The most transformative aspect of additive Manufacturing or industrial 3D printing is its capacity to produce highly intricate and personalized components. It offers greater design flexibility at a reduced cost and in less time than traditional manufacturing techniques. With AM, the constraints of conventional manufacturing methods such as tooling, molding, casting, and subtractive machining are eliminated. This allows designers and engineers to create parts with complex geometries, internal structures, and features that were previously unattainable or challenging to produce using traditional methods. The layer-by-layer construction process of AM provides precise control over material deposition and the ability to create internal structures that are not possible with traditional methods.
Any process is bound to have both pros & cons and 3d Additive Manufacturing is no different. Here are some of its prominent disadvantages:
Currently, there is a limit to the types of materials that can be processed within Metal AM specifications. These are typically pre-alloy materials in a base powder form. This can limit the range of applications for which Additive Manufacturing is suitable.
Compared to traditional manufacturing methods, additive manufacturing is a relatively slower process due to the layer-by-layer construction. This can be particularly time-consuming for larger or more intricate parts. Certain Additive Manufacturing technologies necessitate post-processing procedures like finishing, polishing, or painting to attain the required surface finish and visual appeal. These extra steps can increase the total time taken for the manufacturing process.
A big challenge in additive manufacturing is developing reliable and consistent processes for production, as factors such as temperature, humidity, and material quality can affect the quality of the final product.

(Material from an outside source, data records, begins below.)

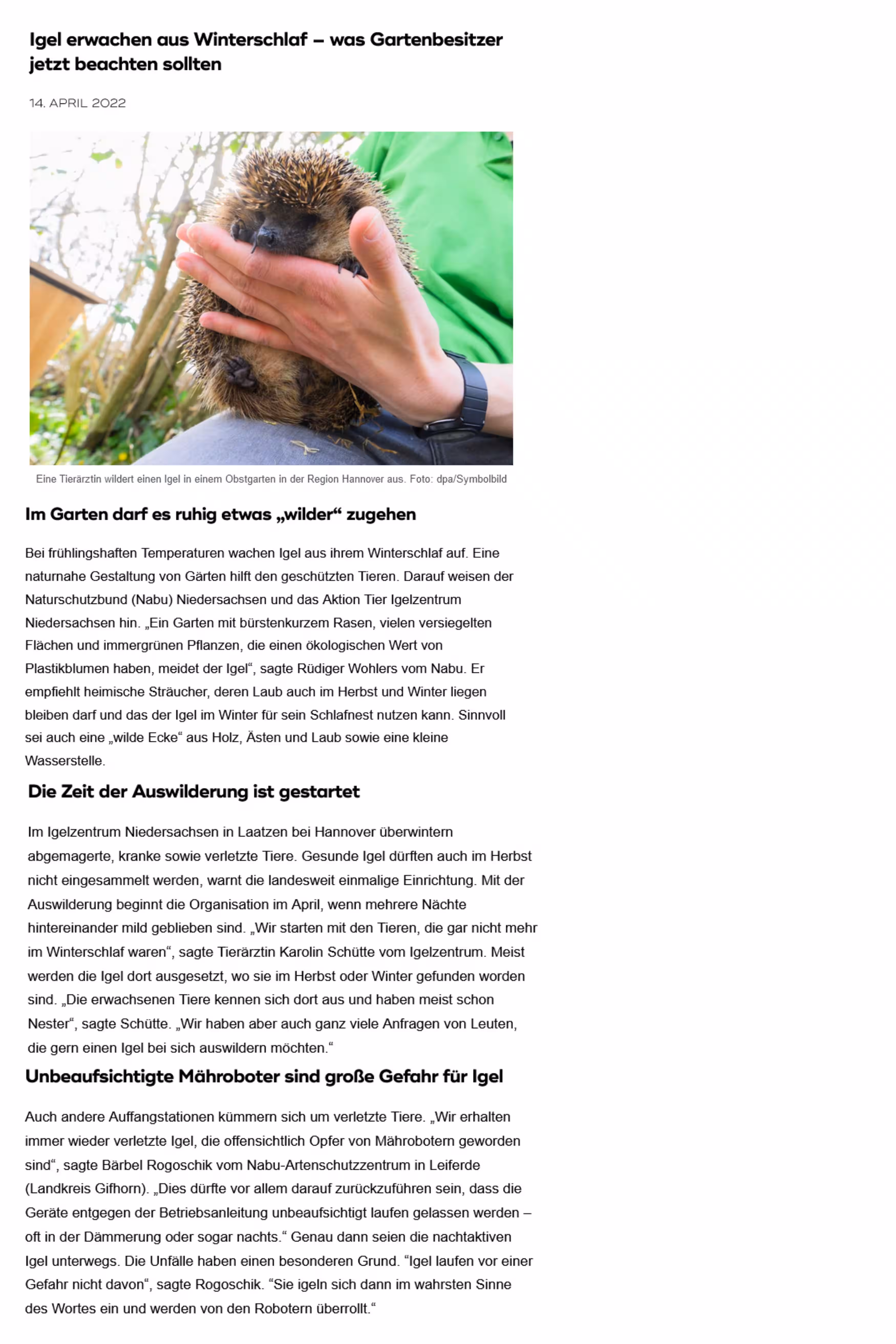 22.08.2025 | HAZ | Sind Mähroboter für Igel wirklich so gefährlich?
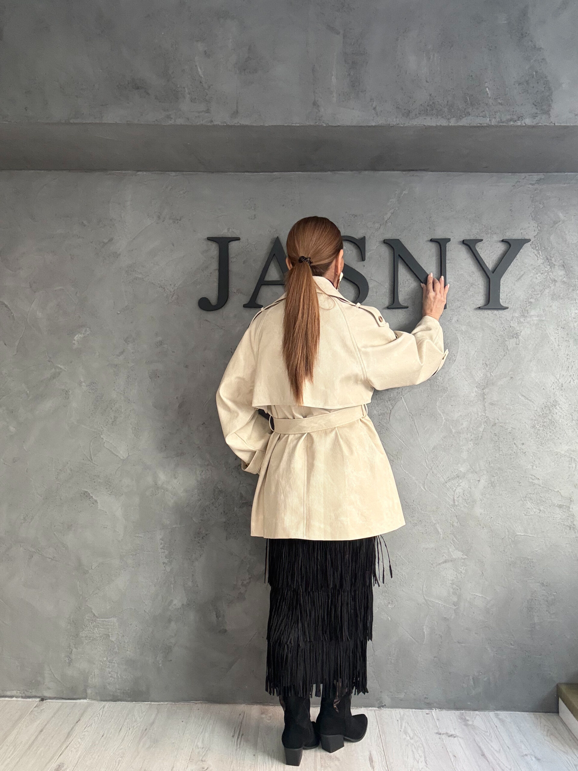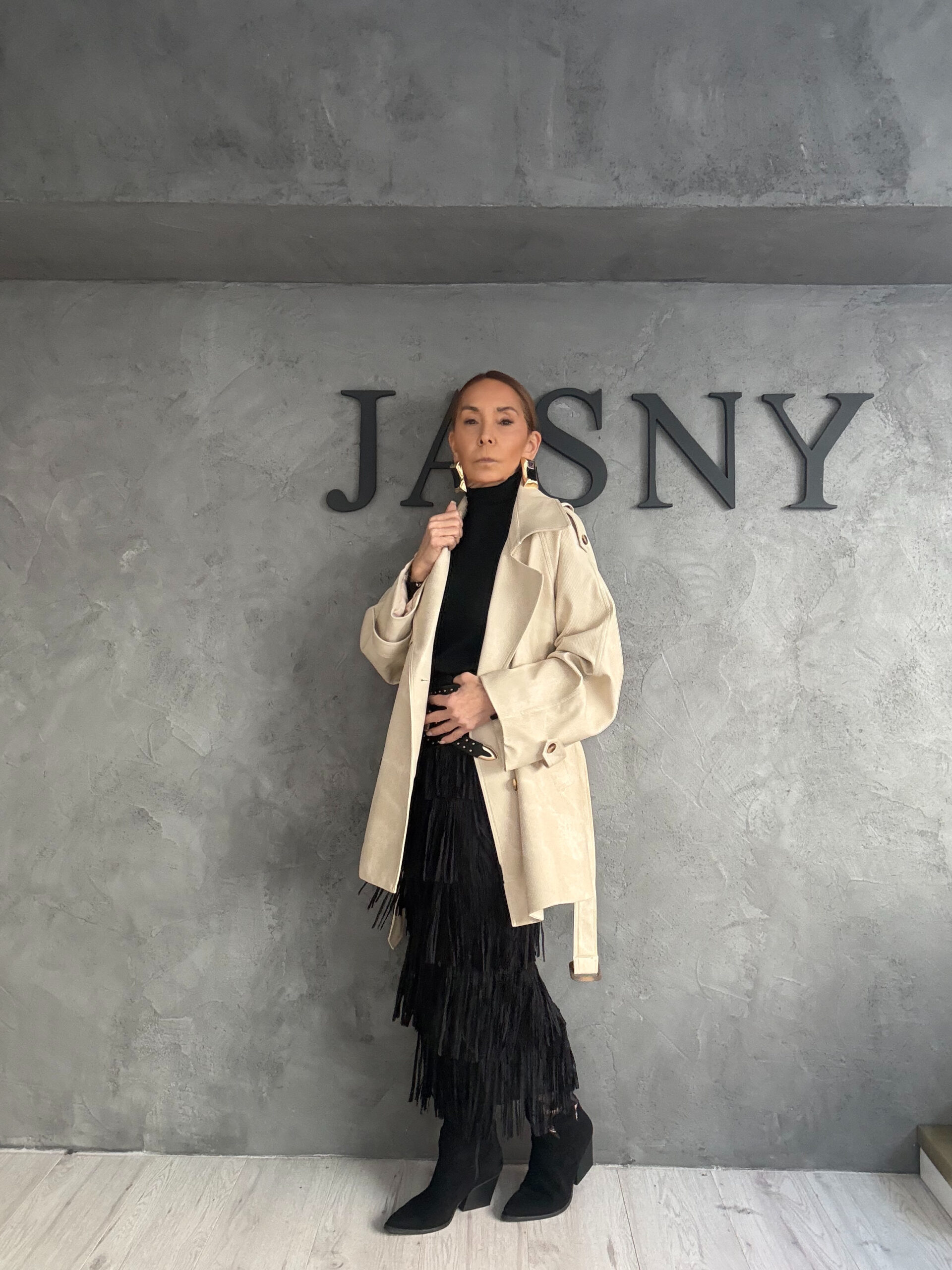 Ένα editorial look που ισορροπεί ιδανικά ανάμεσα στη δομή και την κίνηση. Το neutral jacket με καθαρές γραμμές και ήρεμο όγκο λειτουργεί ως σταθερό πλαίσιο, πάνω σε total black βάση που ενισχύει τη δυναμική του συνόλου. Η φούστα με κρόσσια προσθέτει ρυθμό και βάθος, δημιουργώντας αντίθεση ανάμεσα στο αυστηρό και το ρευστό. Η statement ζώνη στη μέση «δένει» το look, τονίζοντας τη σιλουέτα και προσθέτοντας χαρακτήρα χωρίς υπερβολή. Ένα σύνολο με έντονη παρουσία, που αποπνέει αυτοπεποίθηση και σύγχρονη κομψότητα.
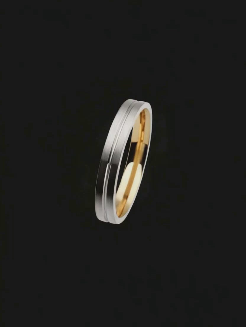 Aliança diferenciada em duas cores de ouro 18k, ouro branco no exterior e ouro amarelo no interior. Estrutura de aliança reta e acabamento externo fosco-acetinado e interno polido/brilho. Produto feito à mão.
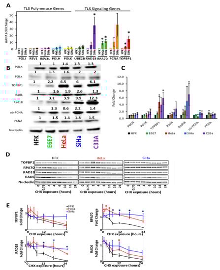 Then, in vitro and ex vivo systems were used to validate the in silico data. First, TLS gene expression and protein abundance were defined with in vitro models of CaCx. HPV infects keratinocytes, promoting their transformation into CaCx. Primary keratinocyte cell lines can be made from human foreskins and are a commonly used to investigate CaCx and HPV biology. Unmodified HFKs represented untransformed keratinocytes and two CaCx cell lines (SiHa and Hela) represented CaCx. These two CaCx cell lines were chosen because they were derived from cancers caused by the two most common oncogenic HPVs (HPV18 and HPV16). HeLa cells express HPV18 oncogenes, while SiHa cells express HPV16 oncogenes. RT-PCR analysis defined expression of TLS polymerase genes and a representative panel of other TLS genes. This work demonstrated minimal differences in TLS polymerase expression among these three cell lines (Figure 2A). However, the expression of other TLS genes was increased between 2- and 30-fold in a comparison of primary HFKs to the cervical cancer cell lines HeLa and SiHa (Figure 2A). The expression of two genes involved with the activation of TLS (RPA70 and TOPBP1) was also increased [30,31]. Following mentions of Rad6 refer to the protein corresponding to the UBE2B transcript.
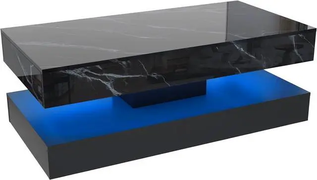Large Coffee Table: Our LED coffee table is designed with a 2-tier appearance and features a classic and beautiful marble finish, which adds lots of beauty. Simple lines design connect multiple corners to create a simple and generous style, which is very suitable for living rooms, offices, apartments, etc.
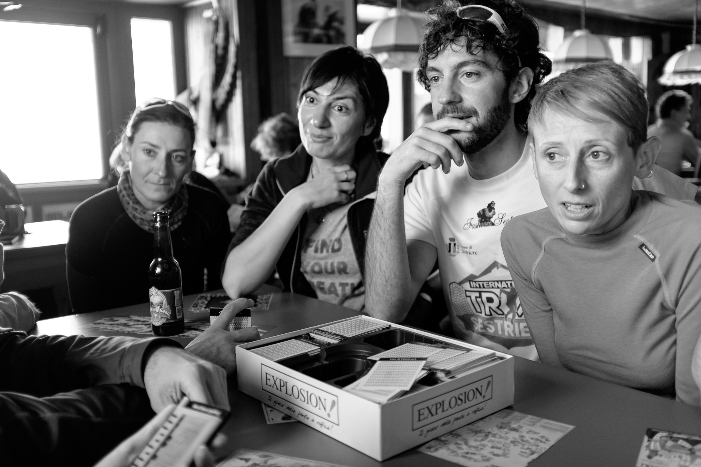 Ma torniamo alla cena tutti insieme. Il vino frizzantino dei colli Piacentini a 12 euro la bottiglia non è una dispercezione. E neanche la manche corale ad Explosion!. Rimarrà sempre impressa nelle nostre menti l’input perverso “parti di un frigo”. Sergio sembra avere la visione a raggi X di Superman riuscendo a leggere le parole sulla scheda nascosta! Nonostante questo, dopo sofferta partita, la parte del gruppo esposta ad ovest batte, in recupero, la parte del gruppo esposta ed est. E poi tutti a nanna senza voce.
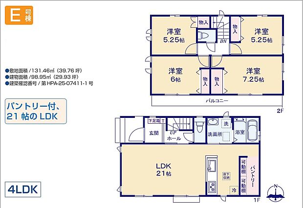 | 間取り | 4LDK 間取り内訳:洋室 5.2帖(2階)・洋室 5.2帖(2階)・洋室 6帖(2階)・洋室 7.2帖(2階) |
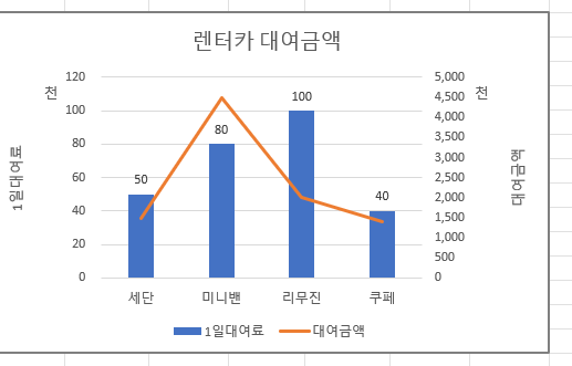 기타작업 2번문제의 2번항목인 '대여금액' 계열의 차트종류를 '표식이 있는 꺾은선형'으로 변경하고, '보조축'으로 지정하시오.에서
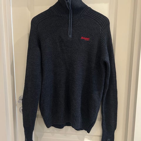 Bergans ullgenser for herre i størrelse M. Genseren er blå og laget i ull, med høy hals og glidelås øverst. Passer til hverdagsbruk og friluftsaktiviteter der man ønsker et varmt og isolerende mellomlag.
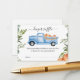 Gorgeous greenery with pumpkins invitation featuring a blue truck filled with pumpkins.
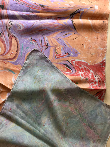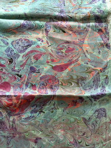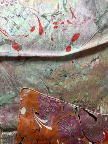 Double-Sided Multicolored Marbled and Swirl-Combed Tokyo Habotai Silk 14x72"
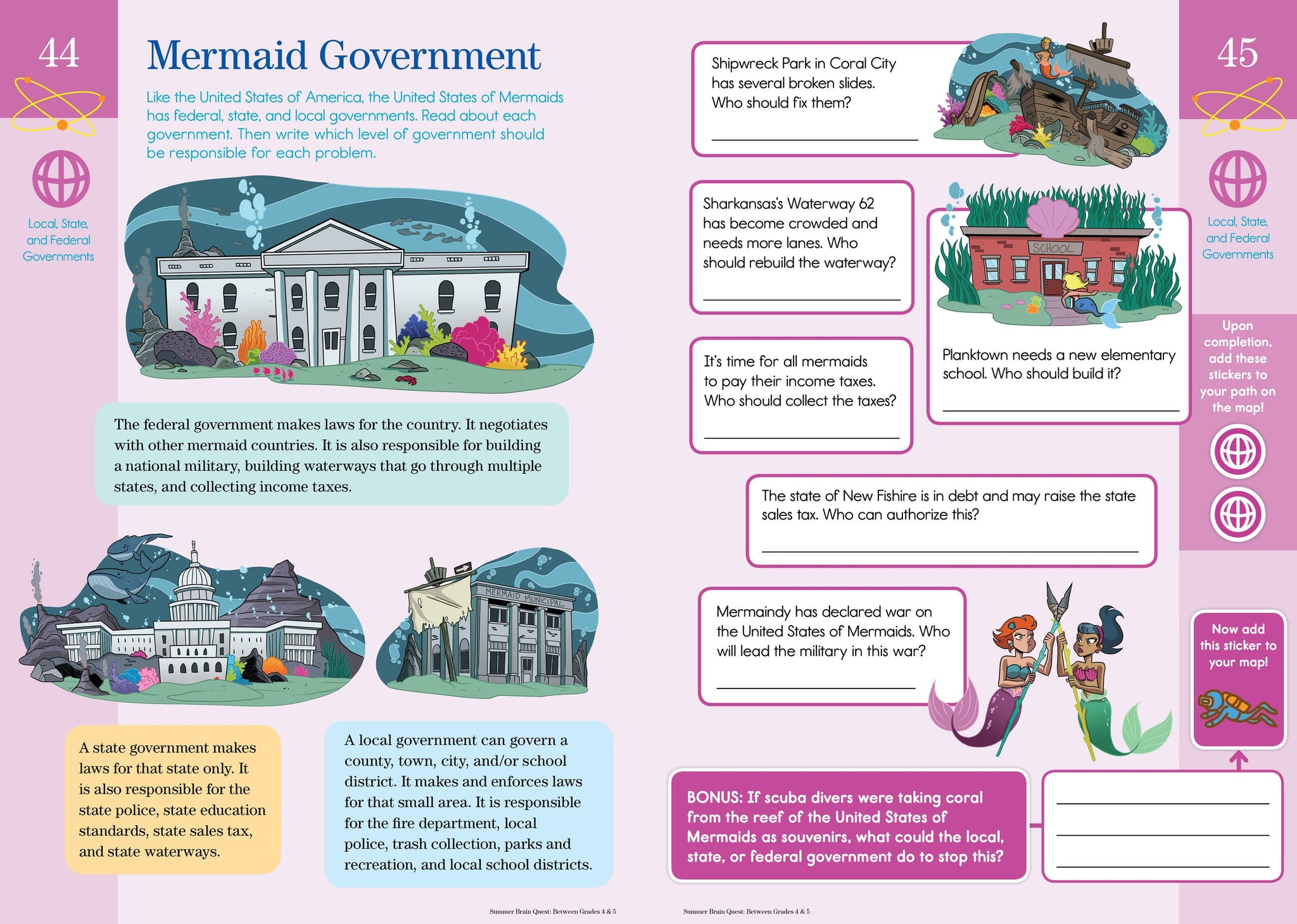 Learn all summer long with this personalized, interactive quest! Begin with a map that guides you through a workbook jam-packed with activities based on reading comprehension, research, writing, decimals, fractions, earth systems, American history, and more, with fun illustrations throughout.
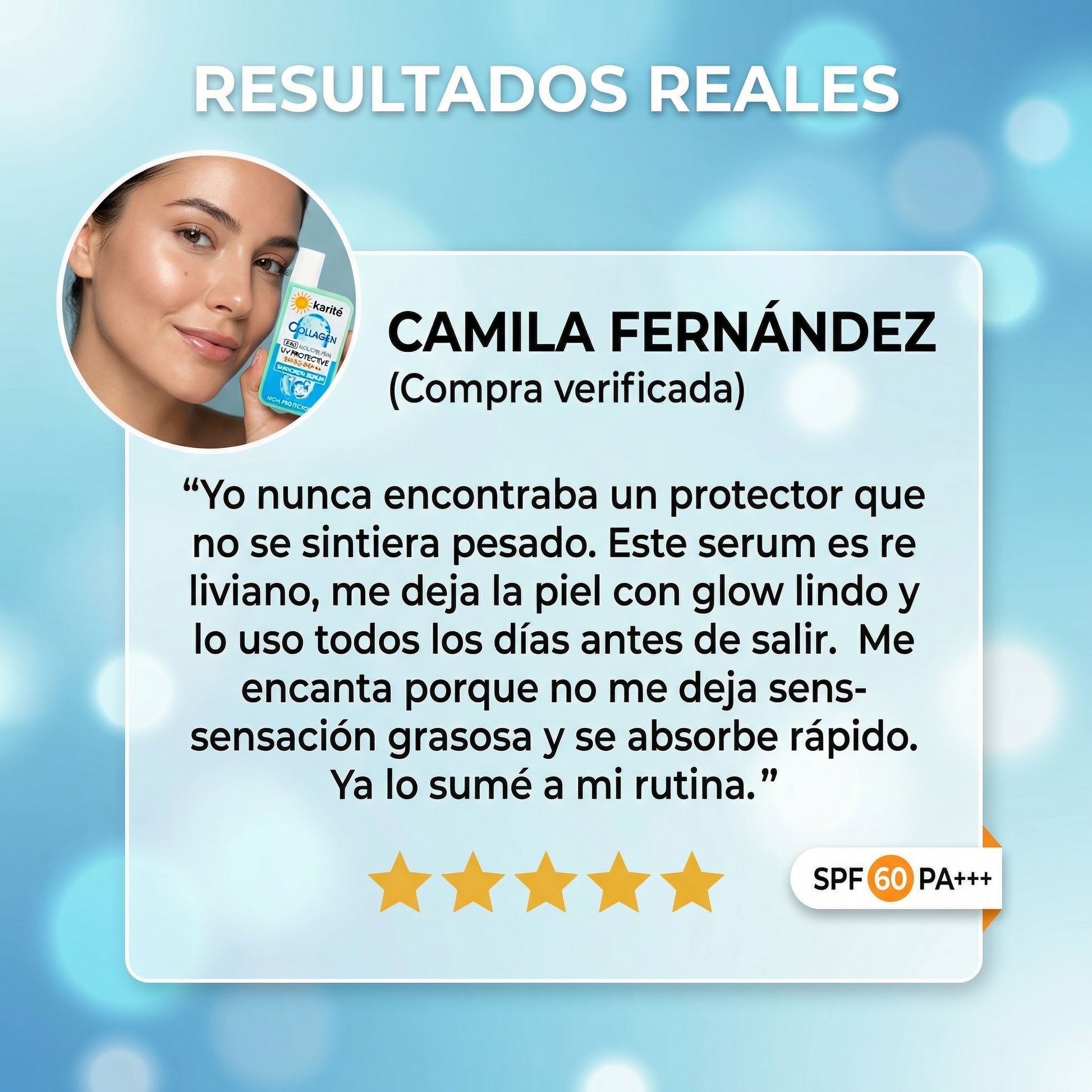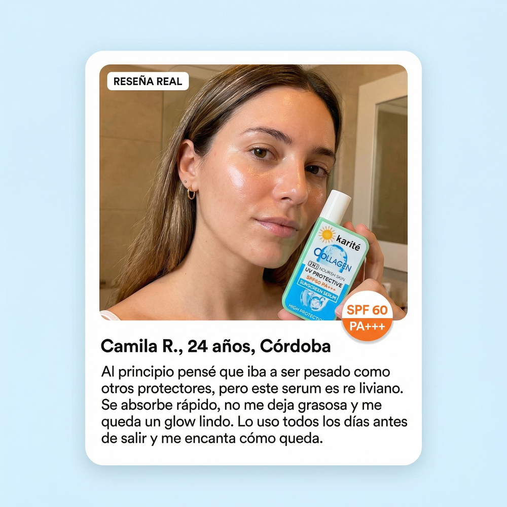 “Al principio pensé que iba a ser pesado como otros protectores, pero este serum es re liviano. Se absorbe rápido, no me deja grasosa y me queda un glow lindo. Lo uso todos los días antes de salir y me encanta cómo queda.”

Standardized testing methods and certifications are still in the nascent stage, which can make ensuring the quality and reliability of AM parts difficult, particularly in industries high-precision industries.
Additive manufacturing is a promising and exciting technology which is expected to continue to evolve and improve, enabling the production of highly complex and customized parts with greater design freedom. Moreover, the incorporation of Additive Manufacturing technologies with other technologies such as artificial intelligence and robotics is anticipated to transform the manufacturing process and open up new opportunities for customization, efficiency, and sustainability. In general, AM is expected to become an increasingly significant component of the manufacturing sector, providing new possibilities for product innovation, supply chain optimization, and sustainability.